The Anti-Body Shaming Movement Makes Me Question My Culture

I read this article on body shaming last night and I was immediately agreeing with it. I was “guilty” of many of the points in the article and, by the end, I was swearing to myself that I would do better.

Then something very strange happened. I noticed a distinct feeling within me. It reeked of nostalgia. I felt like I was once again the girl who ran around the bay area, dancing naked on beaches, spinning fire in Golden Gate Park, and eating vegan treats at hot tub parties (this was before the gluten-free trend started up). The feeling struck me so firmly that I was able to stop and wonder if I have really changed, and what about this article brought up that past self.

I will start with the obvious. The article was posted on facebook by someone from the bay area. Of course it was. As far as my contact with it is concerned, the anti-body shaming movement radiates from the bay area. It fits in with the culture there. The ideals of radical acceptance, and an evolution of a young crop of burning man lovelies learning to love themselves. Having been there for years I can still give the, “right answers,” when it comes to questions about appearance, self-acceptance, and inclusive communities. It is something that has been ingrained in me, so when I read an article like that I can sit there and agree without really ingesting the thoughts behind it. To me, it is fluff that supports the dominant culture of that time and place, pretending to create new culture because that is part of the ‘value of progression’ that we crave.

That much is clear to me only because I have been away from the bay area for quite some time. I lived in Tucson for 3 years, and now I have been in Bulgaria and Turkey for four years. That is 7 years since I have been in that area, communing with those people, living that golden life of ‘love.’ But facebook does a pretty good job of making me feel like I am still connected with those people, ideals, and places. I wouldn’t say that I still feel like I am part of that community, but I feel like I am still sharing culture with them. This realization made me think about the culture I am in now.

I still skate on the surface of Bulgarian culture. For the two years that I was in Peace Corps I tried to dive into culture, and while I was moderately successful I was still holding onto the idea that I was temporary. Being temporary in a place makes me only semi-permeable. It is the open-ended possibility of forever that actually allows me to change. I have only been living in Bulgaria with a forever mindset for the past year, and in that year I have been rather holed up with my husband and his family. I definitely have no handle on Varna’s culture. However, I tried to imagine what people in Plovdiv or from my village would have said about that article. Would it bother them? Would they agree with it?

In Bulgaria I have gotten used to everyone I know giving their two cents about what I should eat, or shouldn’t eat. They ask about my exercise. They definitely comment when I lose or gain weight. Older women are the worst about this. Most of them make wonderful food and then feed it to me until I pop, not allowing me to decline. All of this seems normal to me now. It doesn’t make me feel bad about my body when people comment on it. I just accept that bodies are more public property here (as far as the gaze is concerned) and weight and size are acceptable topics of conversation. Then there are girls who are living on coffee and cigarettes, and the occasional piece of cake, so they can be a size 0. Is that a problem caused by body shaming, or by the influence of western media? Do Bulgarians see body shaming as a problem? Is it a universal problem, or is it culturally embedded?
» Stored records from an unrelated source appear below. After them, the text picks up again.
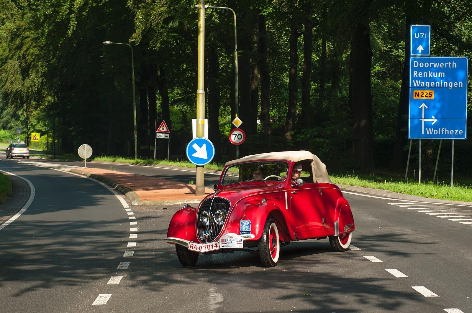 Vanaf daar ging het – na de groepsfoto natuurlijk – op weg via De Steeg, Ellecom, Laag Soeren, Eerbeek, Loenen en Beekbergen onder enthousiaste publieke belangstelling richting Het Loo in Apeldoorn. Met 65 kilometer achter de kiezen, soms met ver vooroorlogse exemplaren kwamen de rond 300 deelnemers zonder veel problemen aan. Inmiddels stond de lunch al klaar en kon er rustig worden bijgepraat om in de middag ontspannen de andere deelnemers en de mooie tuinen te bekijken. De zonneschijn moesten de deelnemers echter helaas missen, totdat het tenminste tijd was om weer te vertrekken, zo rond de klok van drieën, richting het hotel. In de avond werden de deelnemers getrakteerd op een galadiner bij Radio Kootwijk, het voormalige radiotelegrafische zendstation dat in 1923 door de PTT in gebruik werd genomen. Eind 1998 werd Radio Kootwijk buiten gebruik gesteld. Wat rest is een prachtig industrieel erfgoed dat een schitterende entourage bood aan het Peugeot-gezelschap.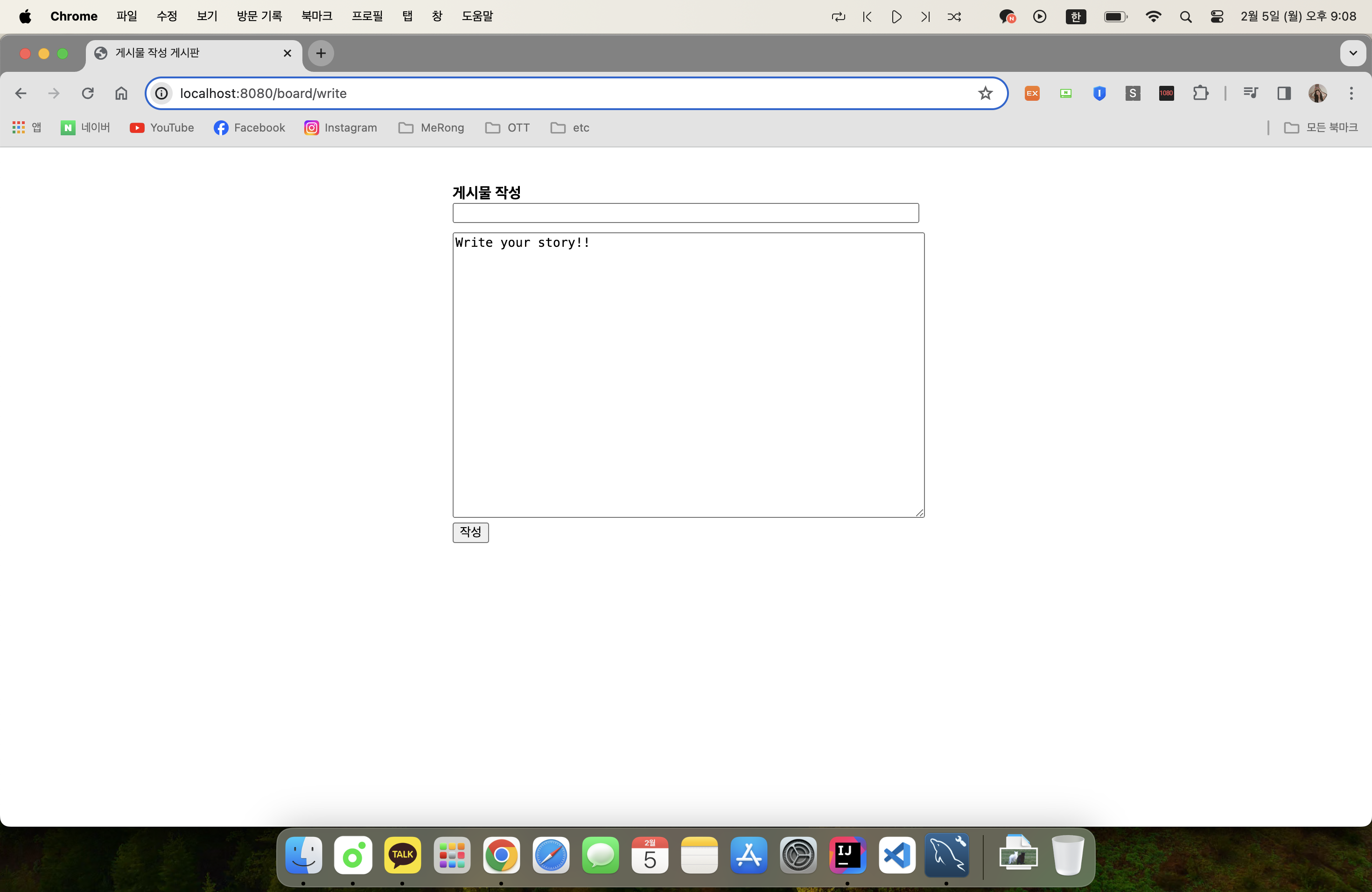 이제 localhost:8080/board/write 에 접속해보자.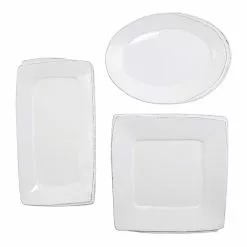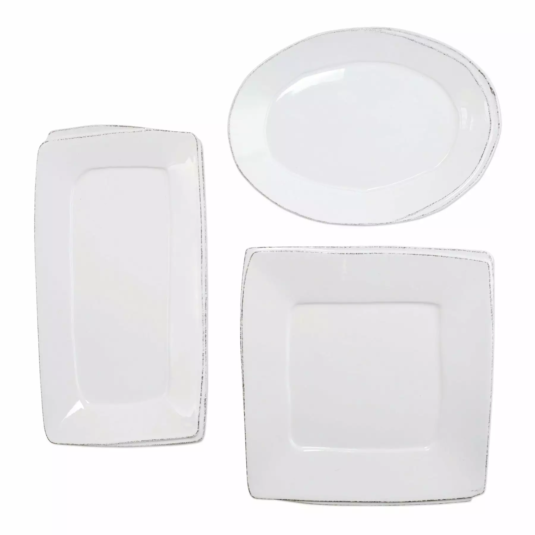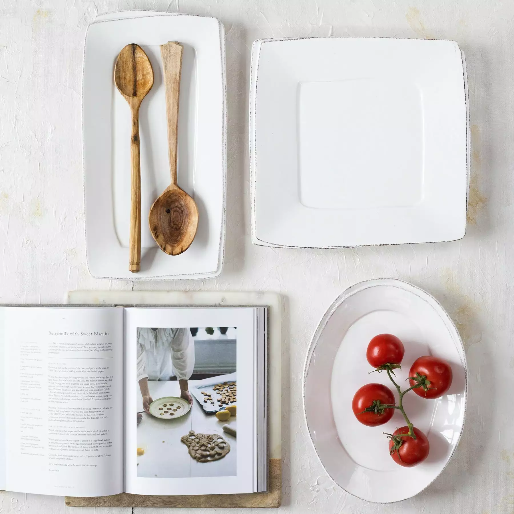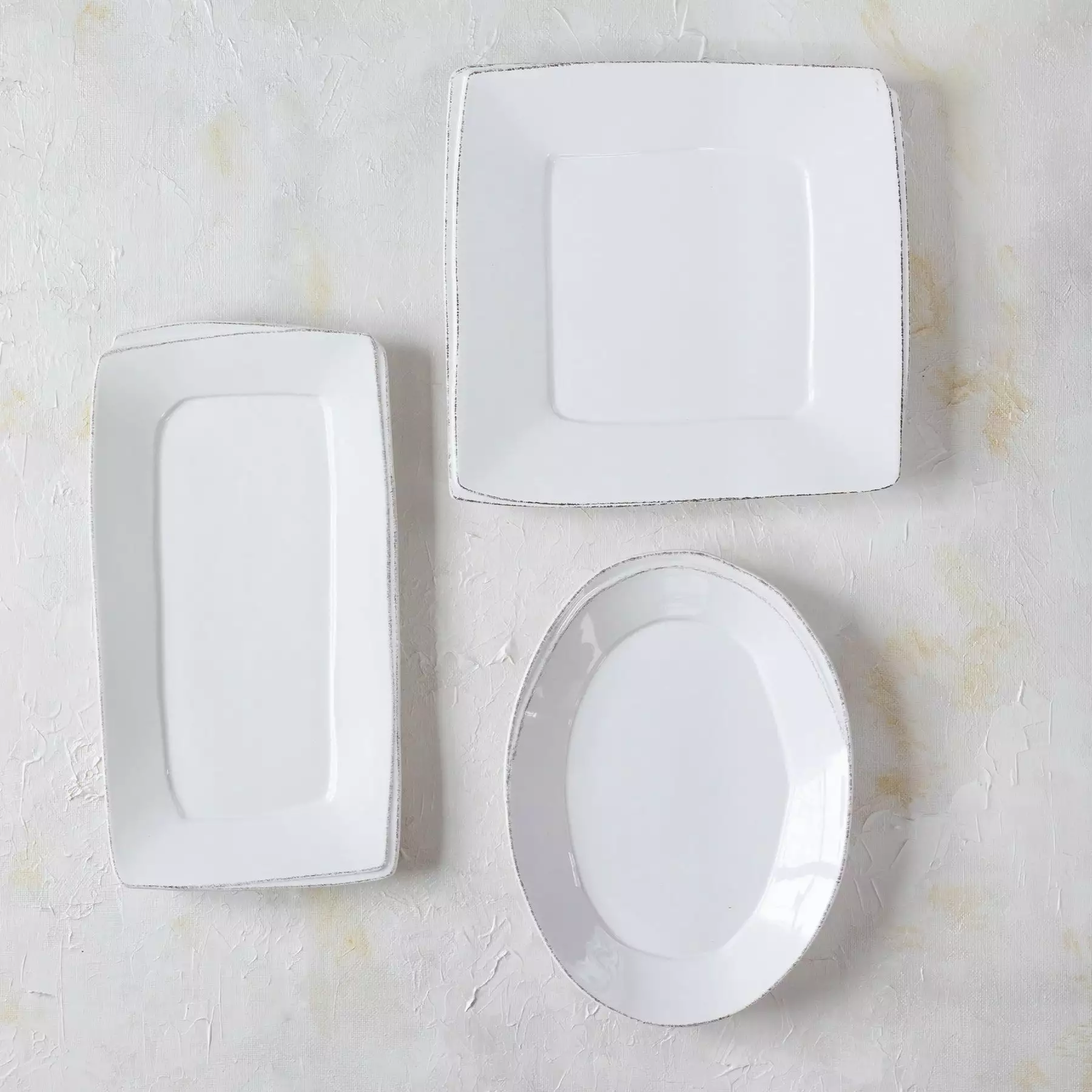 Beloved for its sophisticated simplicity, versatility, and durability, Lastra is our bestselling collection. The Lastra White Three-Piece Serveware Set includes the Lastra White Small Oval Platter, the Lastra White Square Platter, and the Lastra White Rectangular Platter. It is a beautiful set for anyone who likes to cook or entertain. Lastra’s design was inspired by the circular wooden slabs used for centuries to create the outer mold in cheesemaking throughout Italy. When fashioned together with twine, the hoop was left with a slight overlap to help maintain the shape of the cheese mold. Maestro molder Stefano Roselli incorporates the overlapping detail into the entire design, from its foot to its rim. A dark dusting on the edges of each piece suggests the ash that was used to preserve these cheeses and highlights each unique silhouette.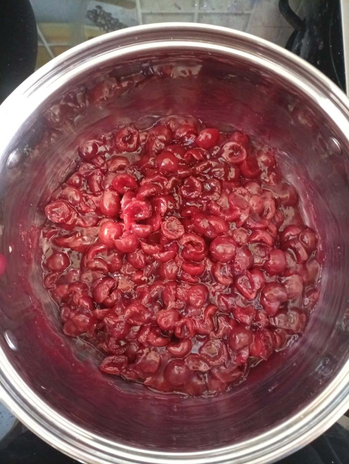 Staviti da se kuvaju. Kada višnje omekšaju dodati gustin razmućen sa malo vode.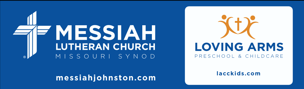 Messiah Lutheran Church and Loving Arms Pre School & Child Care invite you to bring the kids to this fun Fall event! We’ll have Trick or Trunk Outside – and — Games, Treats and Fun Inside! Bring the whole family! Non-Scary costumes are welcome. 5:30 to 7:00pm. www.LACCkids.com or www.MessiahJohnston.com Looking forward to seeing you there!
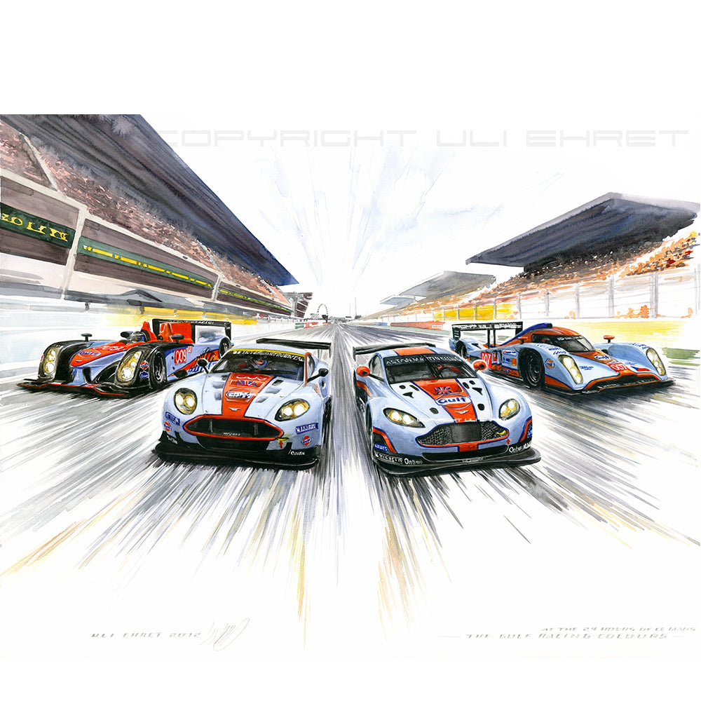 Les voitures de course LMP1 et GT d'Aston Martin ont porté la mythique combinaison de couleurs bleu clair et orange de Gulf Oil au Mans pendant près d'une décennie. La DBR9 en tant que vainqueur de la classe GT1 (au milieu à gauche), l'AMR1-2 développée à partir de la Lola qui a terminé quatrième au classement général en 2009 (à l'extrême droite), l'AMR-One innovante mais fragile du Mans 2012 (à l'extrême gauche) et la Vantage GTE, qui ont également monté un podium LM GTE Pro en 2012 (au centre à droite) ont toutes atteint le rang d'icône du Golfe.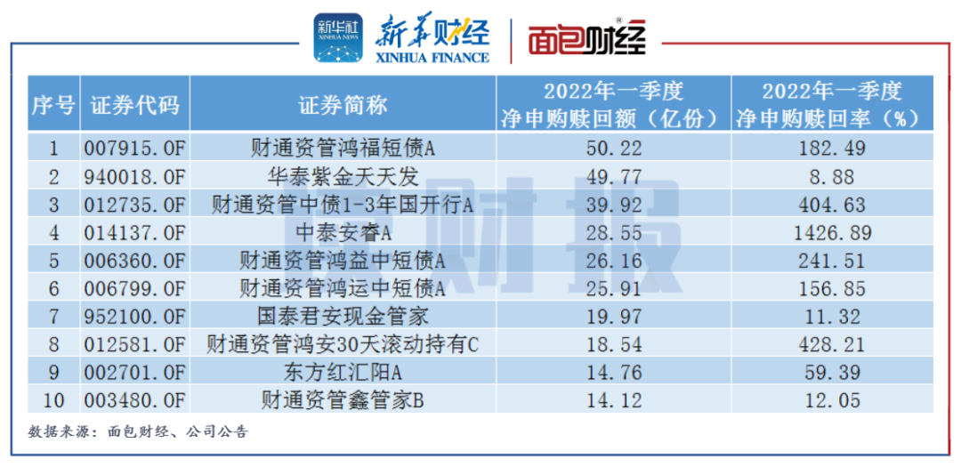 此外,華泰證券資管旗下的華泰紫金天天發(fā)一季度份額凈申購49.77億份,中泰證券資管旗下的中泰安睿A一季度份額凈申購28.55億份。

With the idea of how people should interact with others becoming more and more globalized I wonder where the lines of culture are drawn. ‘Shaming’ is a hot word, but is everything in that article actually shaming, or does it only cause shame when taken in the sensitive context of the hyper self-reflective bay area, and American culture in general?

This is one of those questions that I don’t have an answer to. It is new. It is something to think about. I am not trying to make any point in this post. I am definitely not saying one culture is better than the other. I am simply making an observation regarding my own cultural boundaries, triggers, and experiences. Maybe in a while I will come up with some theories, or at least a more coherent thought on the subject.